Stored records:
BEGIN

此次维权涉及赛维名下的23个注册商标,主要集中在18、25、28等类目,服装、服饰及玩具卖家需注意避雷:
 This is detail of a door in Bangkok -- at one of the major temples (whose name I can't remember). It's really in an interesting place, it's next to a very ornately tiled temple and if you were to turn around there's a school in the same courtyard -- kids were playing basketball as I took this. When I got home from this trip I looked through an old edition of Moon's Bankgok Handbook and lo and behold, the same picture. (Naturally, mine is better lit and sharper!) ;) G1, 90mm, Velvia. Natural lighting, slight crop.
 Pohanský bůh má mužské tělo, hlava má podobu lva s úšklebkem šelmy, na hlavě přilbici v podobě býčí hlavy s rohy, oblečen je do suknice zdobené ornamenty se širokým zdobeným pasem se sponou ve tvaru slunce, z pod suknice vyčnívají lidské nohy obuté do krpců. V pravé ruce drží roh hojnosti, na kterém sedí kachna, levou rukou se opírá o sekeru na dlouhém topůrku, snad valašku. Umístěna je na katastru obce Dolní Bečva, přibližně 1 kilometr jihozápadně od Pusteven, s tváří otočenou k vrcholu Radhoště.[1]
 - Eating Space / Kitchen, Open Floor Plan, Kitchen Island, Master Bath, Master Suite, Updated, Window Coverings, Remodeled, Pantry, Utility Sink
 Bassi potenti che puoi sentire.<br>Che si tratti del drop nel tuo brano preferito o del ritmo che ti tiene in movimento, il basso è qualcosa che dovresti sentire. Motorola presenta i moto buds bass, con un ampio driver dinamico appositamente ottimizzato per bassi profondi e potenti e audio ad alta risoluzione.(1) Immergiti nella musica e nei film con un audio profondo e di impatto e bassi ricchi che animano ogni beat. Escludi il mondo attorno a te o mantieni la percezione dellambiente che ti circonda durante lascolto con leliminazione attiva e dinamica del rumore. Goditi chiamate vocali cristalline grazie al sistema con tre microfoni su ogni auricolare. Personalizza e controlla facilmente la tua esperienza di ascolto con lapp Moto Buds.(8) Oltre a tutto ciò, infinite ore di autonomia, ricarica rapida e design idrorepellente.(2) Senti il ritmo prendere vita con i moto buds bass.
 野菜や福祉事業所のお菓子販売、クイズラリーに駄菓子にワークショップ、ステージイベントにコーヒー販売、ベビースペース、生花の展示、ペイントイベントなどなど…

END
BEGIN

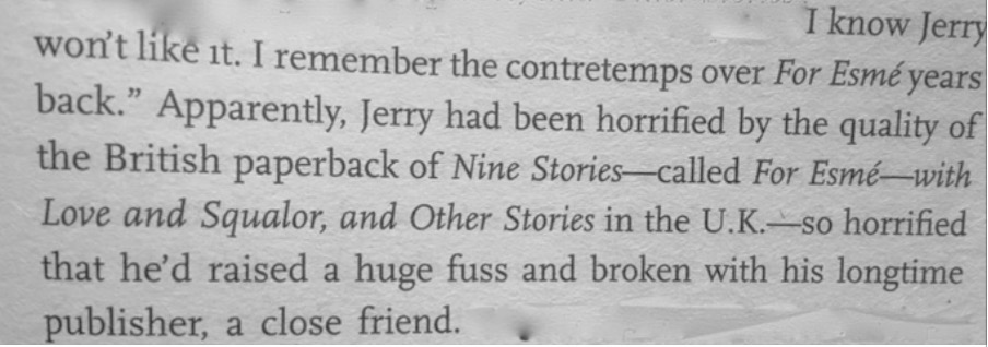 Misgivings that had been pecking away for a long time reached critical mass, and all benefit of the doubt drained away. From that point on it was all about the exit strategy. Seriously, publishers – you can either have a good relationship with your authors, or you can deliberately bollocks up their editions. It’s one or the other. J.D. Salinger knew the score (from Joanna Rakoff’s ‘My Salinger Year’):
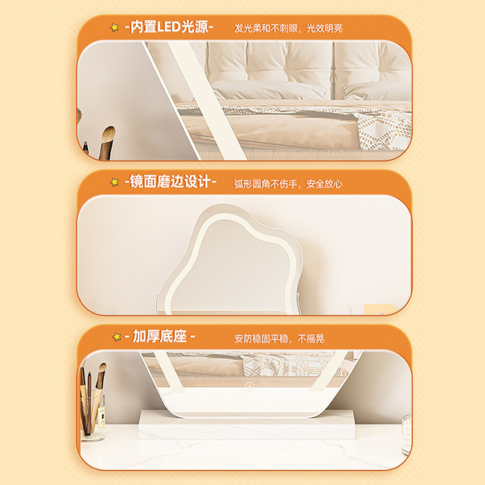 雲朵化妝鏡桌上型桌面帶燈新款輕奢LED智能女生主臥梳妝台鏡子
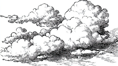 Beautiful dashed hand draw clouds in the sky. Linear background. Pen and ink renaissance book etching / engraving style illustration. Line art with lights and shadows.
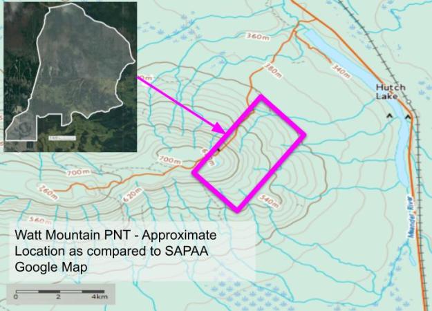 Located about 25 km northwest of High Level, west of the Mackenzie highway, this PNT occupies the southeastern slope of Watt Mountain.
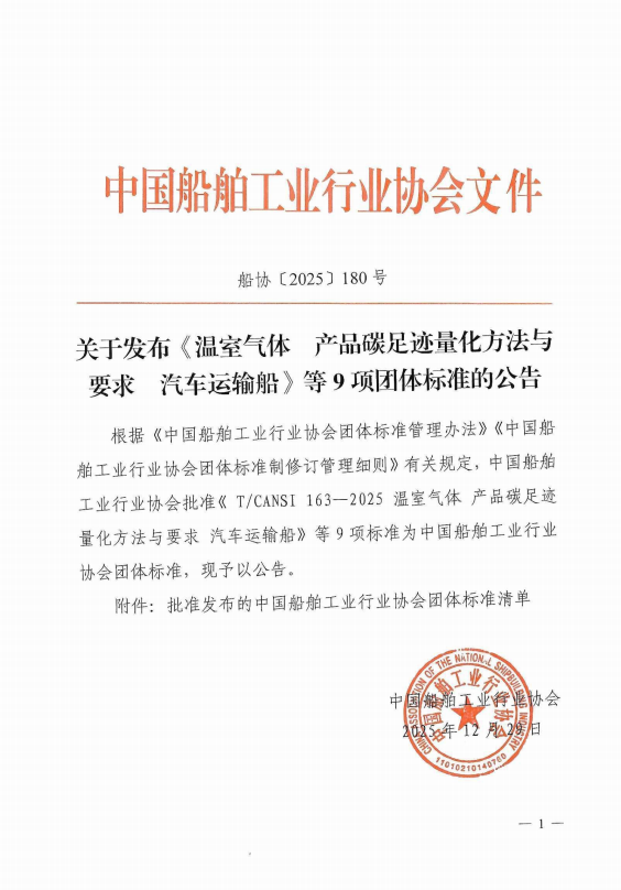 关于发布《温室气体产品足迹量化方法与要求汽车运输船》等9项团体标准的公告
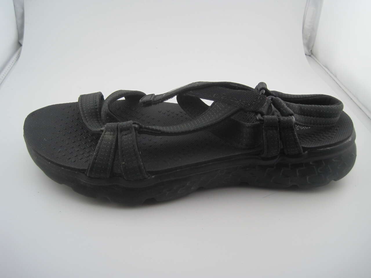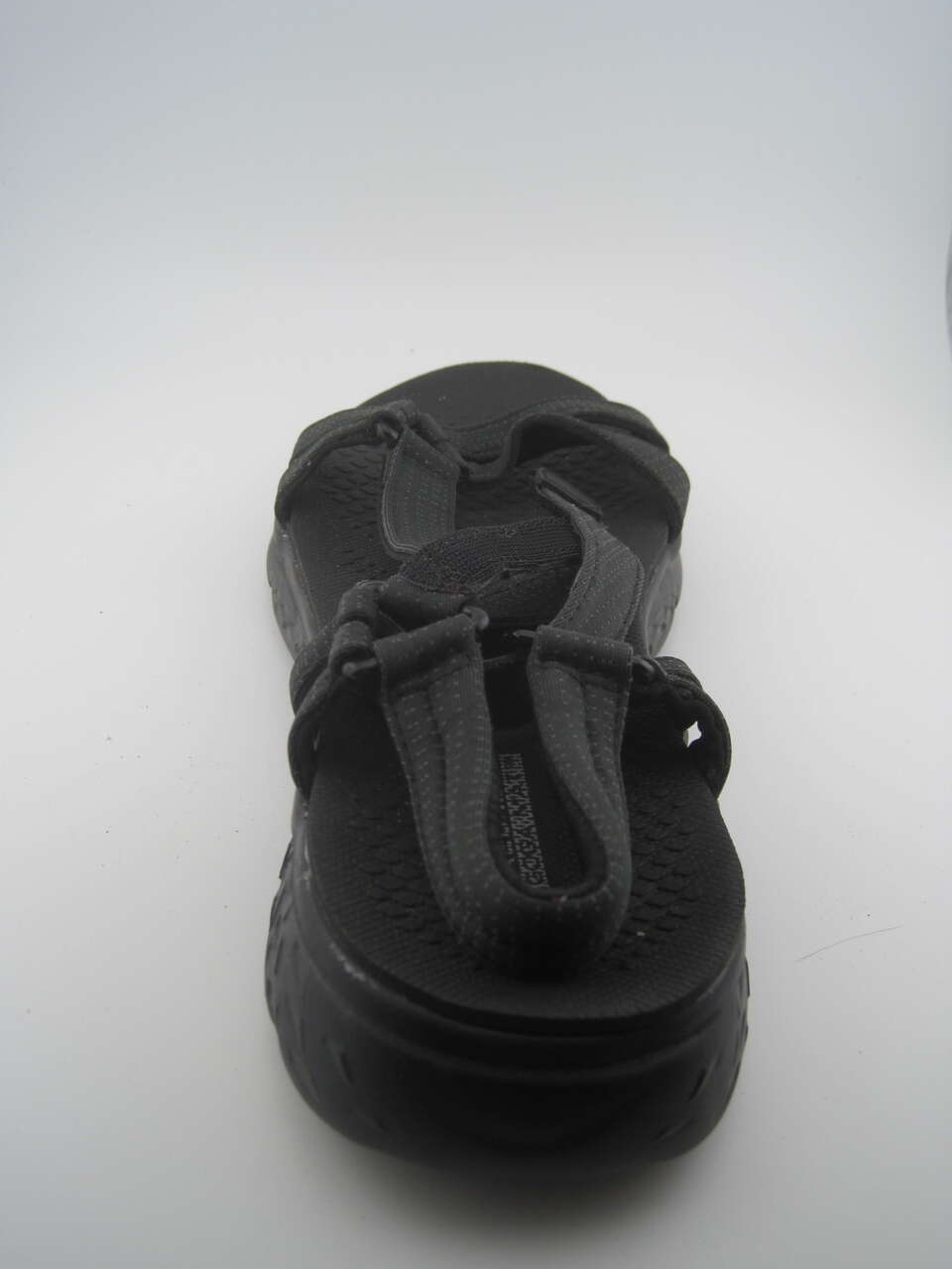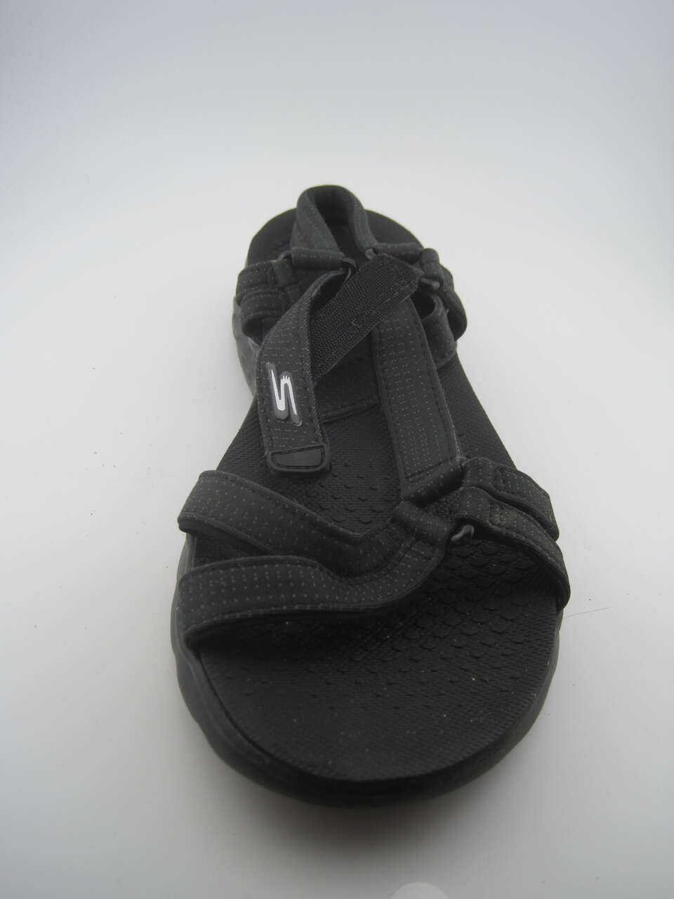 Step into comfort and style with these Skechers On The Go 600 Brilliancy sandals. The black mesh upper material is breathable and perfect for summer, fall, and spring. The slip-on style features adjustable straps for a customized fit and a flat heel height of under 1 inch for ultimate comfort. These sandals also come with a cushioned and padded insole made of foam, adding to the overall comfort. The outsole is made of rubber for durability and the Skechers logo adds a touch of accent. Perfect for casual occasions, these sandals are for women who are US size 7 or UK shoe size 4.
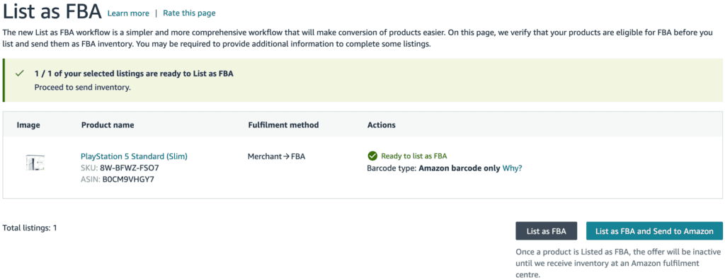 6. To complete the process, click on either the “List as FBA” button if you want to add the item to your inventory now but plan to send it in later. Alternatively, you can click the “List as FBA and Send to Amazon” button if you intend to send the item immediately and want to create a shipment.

END

With pictures excluded, reproduce exactly the lines above from the one containing "Beautiful dashed hand" down to the one containing "Step into comfort", those two included.

## Finished exercise:
 Beautiful dashed hand draw clouds in the sky. Linear background. Pen and ink renaissance book etching / engraving style illustration. Line art with lights and shadows.
 Located about 25 km northwest of High Level, west of the Mackenzie highway, this PNT occupies the southeastern slope of Watt Mountain.
 关于发布《温室气体产品足迹量化方法与要求汽车运输船》等9项团体标准的公告
 Step into comfort and style with these Skechers On The Go 600 Brilliancy sandals. The black mesh upper material is breathable and perfect for summer, fall, and spring. The slip-on style features adjustable straps for a customized fit and a flat heel height of under 1 inch for ultimate comfort. These sandals also come with a cushioned and padded insole made of foam, adding to the overall comfort. The outsole is made of rubber for durability and the Skechers logo adds a touch of accent. Perfect for casual occasions, these sandals are for women who are US size 7 or UK shoe size 4.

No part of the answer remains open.